* About this exercise: Records follow. Print exactly the lines from the one that has "Cette thématique concerne" through the one that has "กระเช้าเองปีง พระใหญ่ไผ่หลิน", inclusive, and omit the pictures.

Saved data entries
———

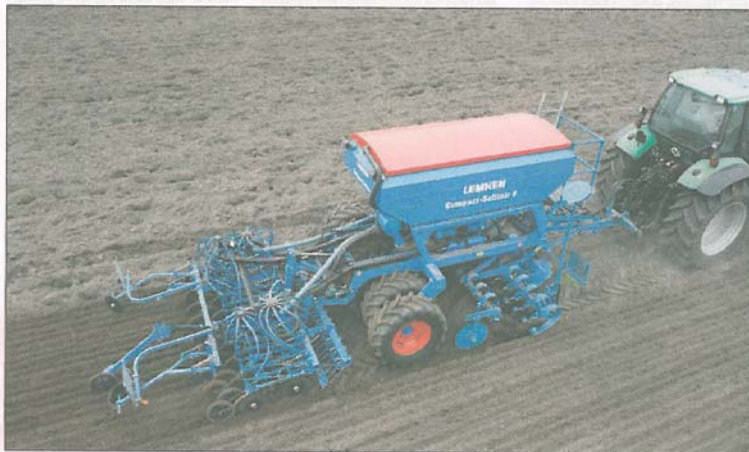
Tidlig såning af vinterhvede, vinterbyg og vintertriticale 20.-25. august giver et signifikant merudbytte sammenlignet med såning til normal tid cirka 20. september.

Ministeriet for Fødevarer, Landbrug og Fiskeri
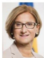
Johanna Mikl-Leitner Landeshauptfrau

Tauschen Sie Ihren alten Öl-/Gaskessel und sichern Sie sich bis zu € 10.500,- an Förderungen. Setzen Sie auf erneuerbare Energie, sparen Sie viel Geld und schützen wir unsere Umwelt.
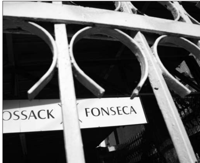
Ảnh chụp bên ngoài trụ sở công ty luật Mossack Fonseca tại Panama đăng tại Toronto Star.

Kojo Annan (tên gọi đầy đủ là Kojo Adeyemo Annan, sinh ngày 25-7-1973), con trai cựu Tổng thư ký Liên Hợp Quốc Kofi Annan (từ 1-1-1997 đến 31-12-2006), bị nêu tên trong thương vụ mua nhà ở London thông qua một công ty ở nước ngoài có trụ sở ở Samoa, đất nước Nam Thái Bình Dương. Theo đó, năm 2004, ông Kojo Annan, đã mua một căn hộ ở thủ đô London, Anh với giá hơn 560.000 USD. Và thời điểm bị công bố, bất động sản này
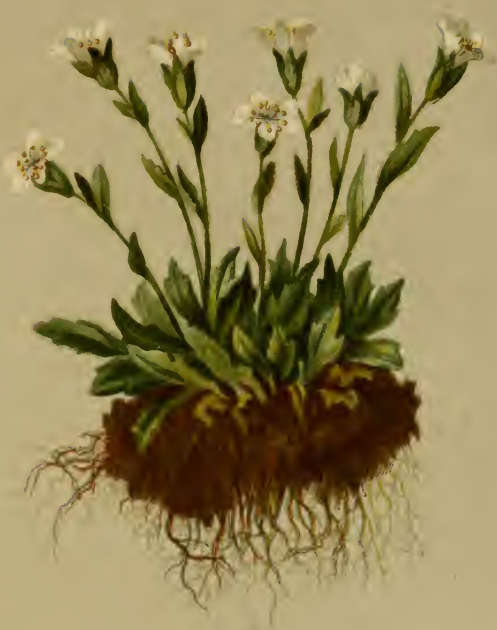
Saxifraga controversa Sternb. = ascendens Koch et aut. nec L. — Streitiger Steinbrech.

Alpenkette, fenichte Stellen, 1000—2000 M., Juni, Juli.
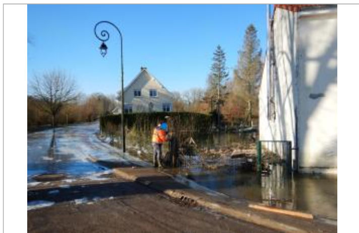
Le repère est au pieds du poteau d'une clôture privée

LE NIVELLEMENT A ÉTÉ RÉALISÉ PAR LE SYMCÉA. LE SYMCÉA N'EST PAS EXPERT GÉOMÈTRE. LA VALEUR RENSEIGNÉE EST DONC À TITRE INDICATIVE. - 11/01/2024
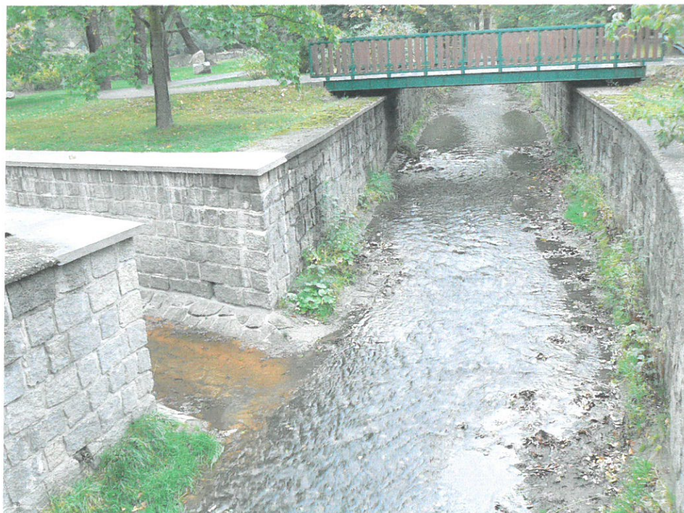
Výústění odtokového koryta do Lobežského potoka
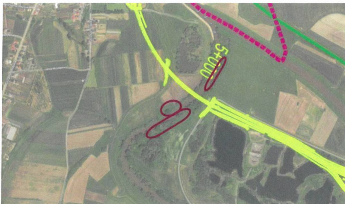
Ryc. 3. Łęgi nadrzeczne nad rz. Odrą w km 5+000

W km 5+000 po obu stronach rz. Odry powieszono 5 szt. budek typu A, 4 szt. typu P, jedną budkę typu B, po jednej budce dla nietoperzy obu zamówionych typów oraz 3 szt. typu E dla nurogęsi. Budki tego rodzaju są także zajmowane przez sowy. Fot. 10-16.
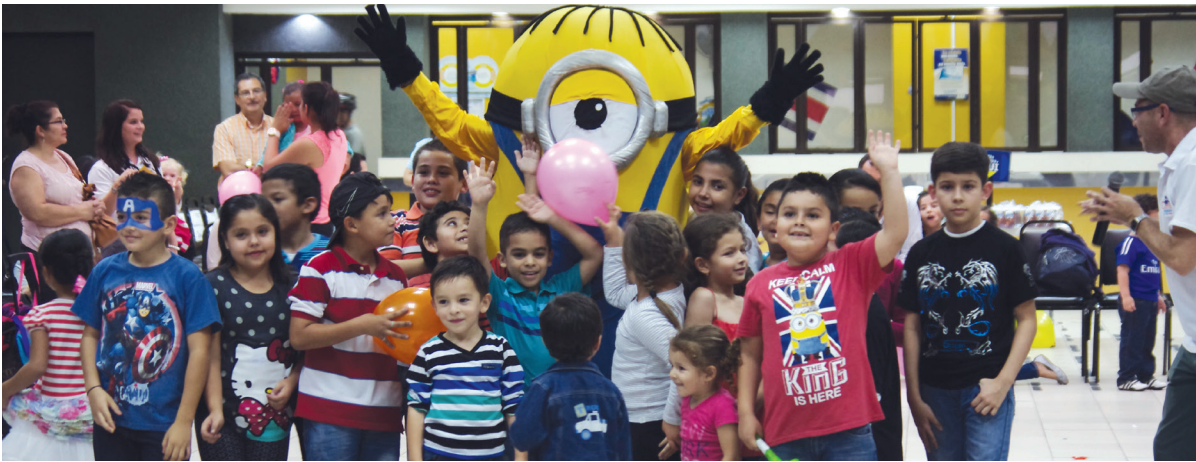
Como parte de las actividades de la Semana Cultural también se celebró el Día del Niño, con la asistencia de hijos de funcionarios.
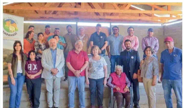
La Fundación Llampangüi celebró este año dos décadas de existencia.
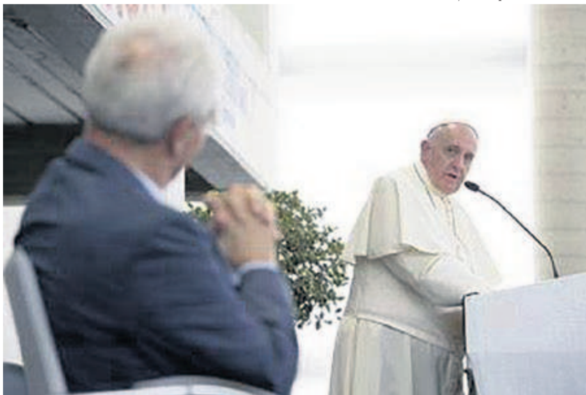
Une rencontre qui s'inscrit dans la logique des rassemblements d'unité initiés par les charismatiques catholiques et évangéliques.

Tout cela se passait au 12 e siècle. Et l'ancien moine Luther, père de la Réforme qui allait donner naissance au protestantisme, n'était pas encore né. L'Église (catholique) veillait à la pureté
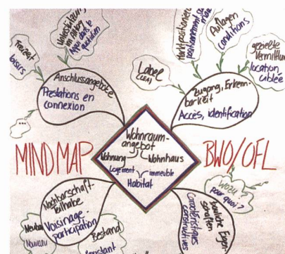
Mind map établi par l'OFL et utilisé dans le cadre de l'atelier de travail «Encouragement de l'autonomie» pour structurer les échanges.

Cette thématique concerne l'OFL en premier lieu, raison pour laquelle deux de ses collaborateurs ont animé, lors de ce colloque, un atelier placé sous le titre «Encouragement de l'autonomie». En introduction, Felix Walder et Doris Sfar ont montré à la vingtaine de participants la manière dont l'Office s'attache à promouvoir un habitat contribuant à l'intégration des personnes vivant avec un handicap. Tous les bâtiments d'habitation bénéficiant d'une aide fédérale sont tenus de respecter les conditions-cadres et l'équipement de base selon le système d'évaluation de logements (SEL). Le SEL
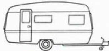
Europe III : 5 places

Longueur de la caisse : 3,85 m Largeur : 1,98 m Poids à vide : 604 kg Prix (départ Rouen) 7 680 F TVA incluse sans immatriculation
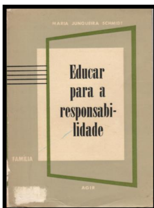
Figura 2 - Capa do livro Educar para a responsabilidade (1963).
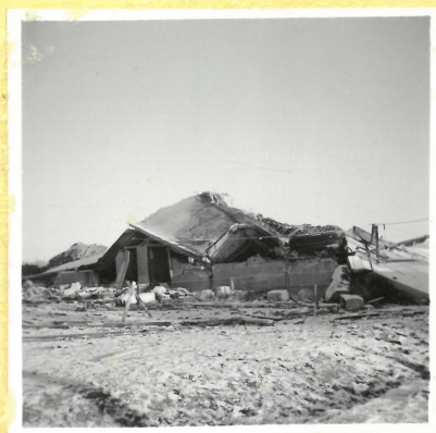
✓ D 5. Hus för aptering och målning av ammuni-
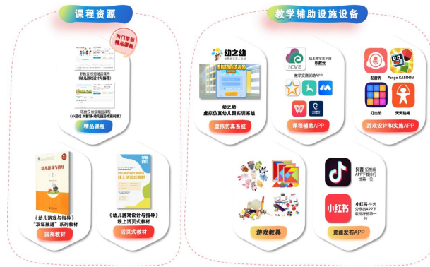
图4 《幼儿游戏设计与指导》线上资源
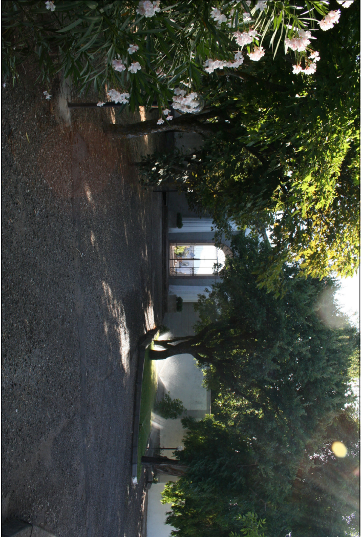
1 - Visuali esterne al cimitero Visuale del cimitero con il ingresso al cimitero antico
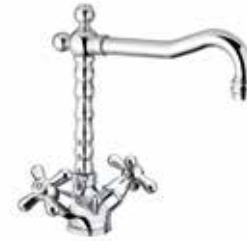
26CR0625 01 Monoforo lavabo. One hole basin mixer. 3/8" 26 CR 0625 01 = flex 3/8"F 1/2" 26 CR 0625 02 = flex 1/2"F
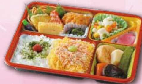
52 幕の内弁当〈楓〉 700 円 (18.5×23.0cm)
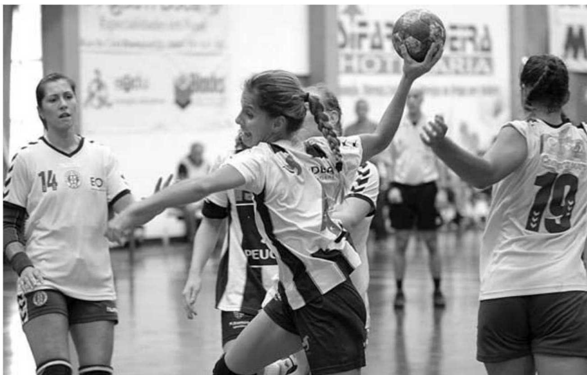
O Madeira Andebol SAD e Sports estiveram bem na entrada do campeonato
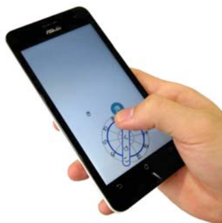
図1: プロトタイプの使用例
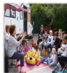
Le camion pédagogique, action co financée par le REAAP

Il est ouvert à tous autres adolescents (filles
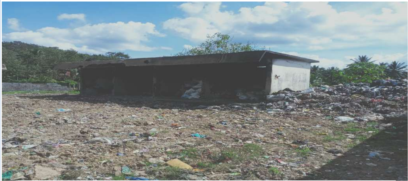
തികഞ്ഞിനശിച്ച MCF കെട്ടിടം-നിലവിലും ശരിയായ സംവിധാനമില്ലാതെ മാലിന്യങ്ങൾ ഇവിടെയാണ് ശേഖരിച്ച് തരം തിരിക്കുന്നത്

കൃത്യമായ അഗ്നിസുരക്ഷാമാർഗ്ഗങ്ങൾ ഇല്ലാത്തതിനാൽ തന്നെ 26.08.23 ന് MCF ൽ തീപിടുത്തം ഉണ്ടാവുകയും അതിനെ തുടർന്ന് അഗ്നിശമനവിഭാഗം ഉൾപ്പെടെ വന്ന് തീയണക്കുകയും ചെയ്തു.ഇതിനെ തുടർന്ന് പോലീസ് കേസ് നിലനിൽക്കുകയും ചെയ്യുന്നു.
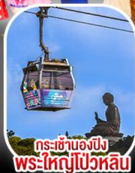
กระเช้าเองปีง พระใหญ่ไผ่หลิน
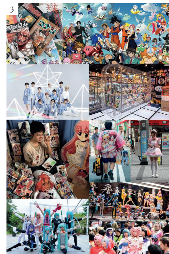
Figura 3 Immagini che rappresentano i fenomeni giapponesi di cosplay , j-pop , kabuki , otaku , meido , anime e manga . © Le autrici

nazione e ci permettono, appunto, di produrre immagini stereotipate. Ossia immagini che si creano a partire da conoscenze superficiali e che non devono indurre a conclusioni troppo affrettate su una cultura. In questo studio, infatti, l'obiettivo è quello di giungere a una comprensione più profonda di ciò che si cela dietro alle immagini che i giapponesi mostrano fuori confine. I giapponesi sono ben consapevoli che la rappresentazione e la formazione di immagini attraverso simboli e brand – e non soltanto stereotipi – influisce, a scala geografica, sul loro sviluppo turistico, culturale, creativo e sociale. Le immagini stereotipate sono durevoli, sono più durature di un'opinione o di un atteggiamento, sono adatte a veicolare un messaggio e pertanto sono difficili da modificare, motivo per il quale i mezzi di comunicazione di massa giocano un ruolo cruciale nella creazione di immagini stereotipate. Eppure, la globalizzazione ha risvegliato gli Stati a cercare le proprie differenze culturali e locali e a veicolarle tramite l'immagine. Il Giappone questo lo ha recepito bene, caricando le immagini di significato, di senso e di profondità. L'attrazione di turisti stra-
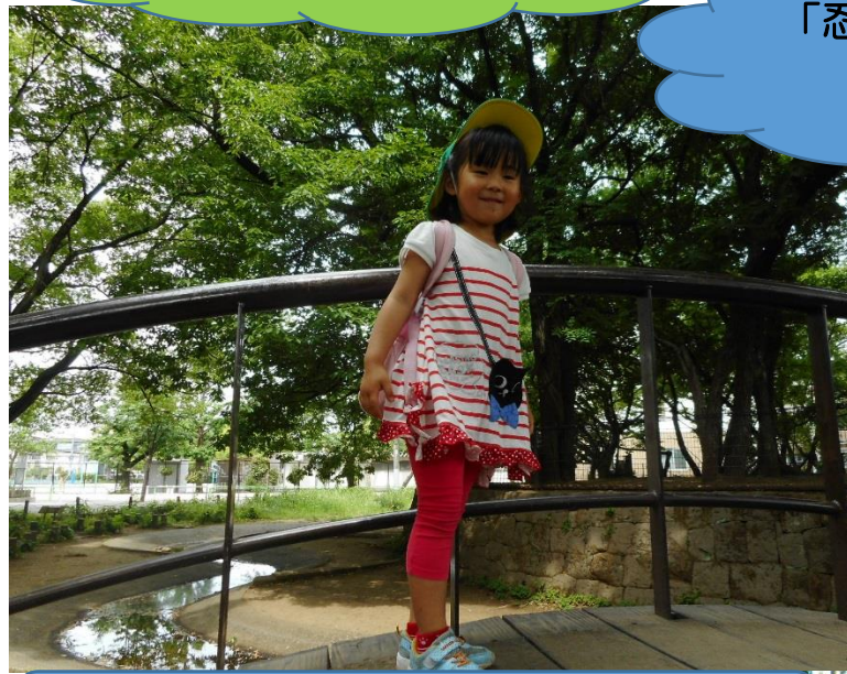
太鼓橋を渡り石橋を飛び越え水辺を進みます。
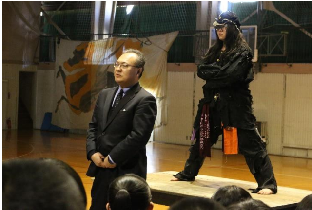
新任の先生たちも！

4月10日(水)、新1年生は入学して間もない中、応援団幹部、そして2、3年生の先輩たちの前で一人ひとり大きな声で自己紹介をしました。緊張の中、全226名が花高生として入団(仮)を認められました。次週に予定されている応援歌練習を乗り越えて、真の花高生として入団できるのです！新入生頑張れ！

———

* Exercise result:
Cette thématique concerne l'OFL en premier lieu, raison pour laquelle deux de ses collaborateurs ont animé, lors de ce colloque, un atelier placé sous le titre «Encouragement de l'autonomie». En introduction, Felix Walder et Doris Sfar ont montré à la vingtaine de participants la manière dont l'Office s'attache à promouvoir un habitat contribuant à l'intégration des personnes vivant avec un handicap. Tous les bâtiments d'habitation bénéficiant d'une aide fédérale sont tenus de respecter les conditions-cadres et l'équipement de base selon le système d'évaluation de logements (SEL). Le SEL
Europe III : 5 places

Longueur de la caisse : 3,85 m Largeur : 1,98 m Poids à vide : 604 kg Prix (départ Rouen) 7 680 F TVA incluse sans immatriculation
Figura 2 - Capa do livro Educar para a responsabilidade (1963).
✓ D 5. Hus för aptering och målning av ammuni-
图4 《幼儿游戏设计与指导》线上资源
1 - Visuali esterne al cimitero Visuale del cimitero con il ingresso al cimitero antico
26CR0625 01 Monoforo lavabo. One hole basin mixer. 3/8" 26 CR 0625 01 = flex 3/8"F 1/2" 26 CR 0625 02 = flex 1/2"F
52 幕の内弁当〈楓〉 700 円 (18.5×23.0cm)
O Madeira Andebol SAD e Sports estiveram bem na entrada do campeonato
図1: プロトタイプの使用例
Le camion pédagogique, action co financée par le REAAP

Il est ouvert à tous autres adolescents (filles
തികഞ്ഞിനശിച്ച MCF കെട്ടിടം-നിലവിലും ശരിയായ സംവിധാനമില്ലാതെ മാലിന്യങ്ങൾ ഇവിടെയാണ് ശേഖരിച്ച് തരം തിരിക്കുന്നത്

കൃത്യമായ അഗ്നിസുരക്ഷാമാർഗ്ഗങ്ങൾ ഇല്ലാത്തതിനാൽ തന്നെ 26.08.23 ന് MCF ൽ തീപിടുത്തം ഉണ്ടാവുകയും അതിനെ തുടർന്ന് അഗ്നിശമനവിഭാഗം ഉൾപ്പെടെ വന്ന് തീയണക്കുകയും ചെയ്തു.ഇതിനെ തുടർന്ന് പോലീസ് കേസ് നിലനിൽക്കുകയും ചെയ്യുന്നു.
กระเช้าเองปีง พระใหญ่ไผ่หลิน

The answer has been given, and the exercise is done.